In five patients treated for Mantle cell lymphoma, there is one CR ongoing at 31 months, one PR, and three stable diseases.
Three of the five patients treated for diffuse large B-cell lymphoma experienced stable disease, one progressive disease, and one obtained a CR, but is no longer evaluable because she received other therapies for chronic GVHD. Dr. Kochenderfer went on describe an impressive response in this patient, who had large lymphoma masses at the back of her head and in her eye socket before infusion.
“Amazingly, the tumor masses completely disappeared within five days of CAR T-cell infusion,” he said.
Patients with high tumor burdens, however, experienced severe cytokine-release syndrome with fever, tachycardia, and hypertension that was treated with the interleukin-6 receptor antagonist tocilizumab (Actemra).
Only one case of mild aphasia occurred, which contrasts with other CAR T-cell therapies where neurotoxicity is common, Dr. Kochenderfer said.

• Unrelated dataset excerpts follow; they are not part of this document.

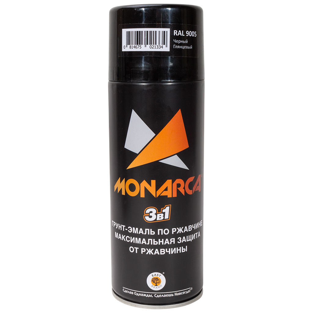 Грунт-эмаль Monarca, по ржавчине 3в1, аэрозольная, черный глянец, 520мл
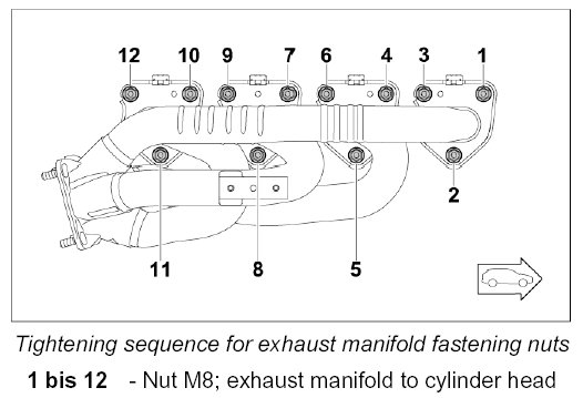 Installing exhaust manifold, cylinders 1 - 4
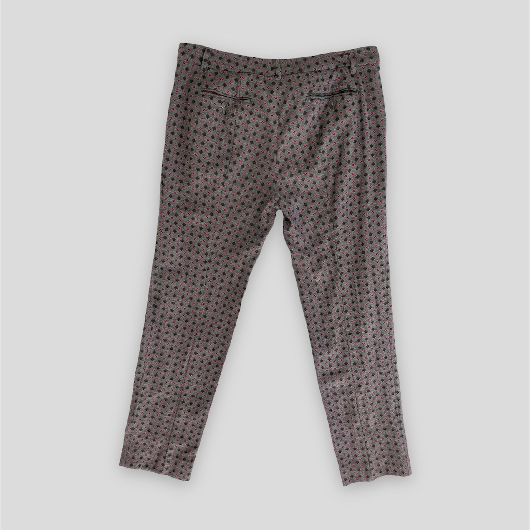 - Details: Pink and burgundy diamond print; grey straight leg trousers; concealed zip and button closure; two side pockets; two back pockets with buttons; belt loop details; mid-rise; embroidered accent
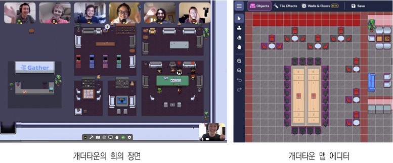 주로 비대면 재택근무 환경에서 가상 오피스를 구성하고, 회의와 협업을 위해 설계되었습니다. 개더타운의 차별화된 특징은 웹캠과 결합된 화상회의 기능으로, 사용자들은 현실감 있는 회의 경험을 제공받을 수 있습니다.

One patient had continued worsening of pre-existing chronic GVHD after CAR T-cell therapy, and one patient developed very mild chronic eye GVHD more than a year after infusion.
The press corps was not fully convinced by the findings, however, asking Dr. Kochenderfer why they should be excited by the 40% remission rate when other CAR T-cell therapies have yielded remission rates as high as 90%.
Dr. Kochenderfer pointed out that four of the five ALL patients (80%) achieved a MRD-negative complete response, which compares favorably with other protocols. The remaining patients had far more advanced, treatment-resident disease of varying histologies than evaluated in other trials and, unlike most trials, all patients had received an allogeneic transplant. Further, the investigators used no chemotherapy whatsoever, whereas other CAR T-cells trials have used chemotherapy, sometimes in huge does, he said.